Clean the surface of the board with a mild cleanser or warm soap and water. Be sure to remove all the cleanser residue before applying the stomp.

Also, using a blow dryer, heat the board where you plan on placing the stomp before applying the pad. This will ensure a stronger hold on the pad and will also reduce the cure time.


----------



## Guest (Nov 5, 2008)

= The Best


Not sure if I'm going to put one on my new board. Gonna try going without one first, but if I do get one, I'm definitely going to consider another Dakine Spike stomp pad. The spikes are big and gnarly, no chance of slipping.


----------



## Guest (Nov 5, 2008)

*Stomps*

There are horror stories of doing the splits. I probably hurts.


----------



## Guest (Nov 5, 2008)

zakk said:


> DaKine makes a killer of a stop pad. super sharps spikes that have never frozen over on me.
> 
> I use them as it helps me control my board while skating it and getting off lifts. Not a necessity but its a nice mental help to me knoing my back foot isn't going to slide out on me.
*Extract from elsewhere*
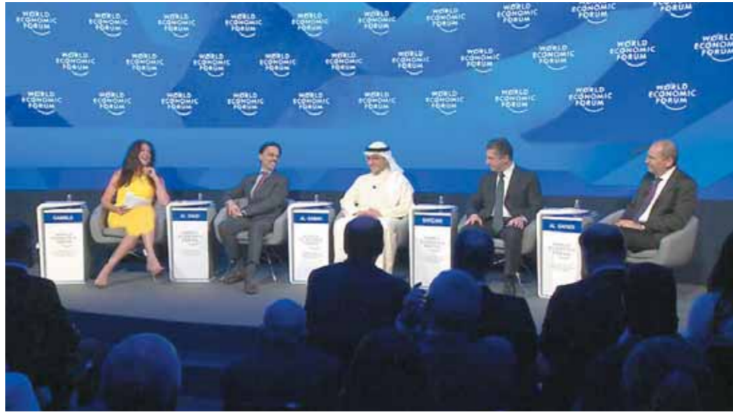
من مشاهد وحدة تنفيذ رؤية عمان ٢٠٤٠

I second that. I use Dakine on both my Lib and Gnu and they are awsome. As long as you follow the directions to put them on they wont come off. Put mine on two years ago and Im now entering my third season and through all the beating it takes they are still stuck on their strong.


----------



## Guest (Nov 5, 2008)

Bought some Dakine studs yesterday


----------



## Perpetual3am (Nov 19, 2007)

Using stomp pads instead of bindings is just dumb.


----------



## Guest (Nov 5, 2008)

^^^That's funny


----------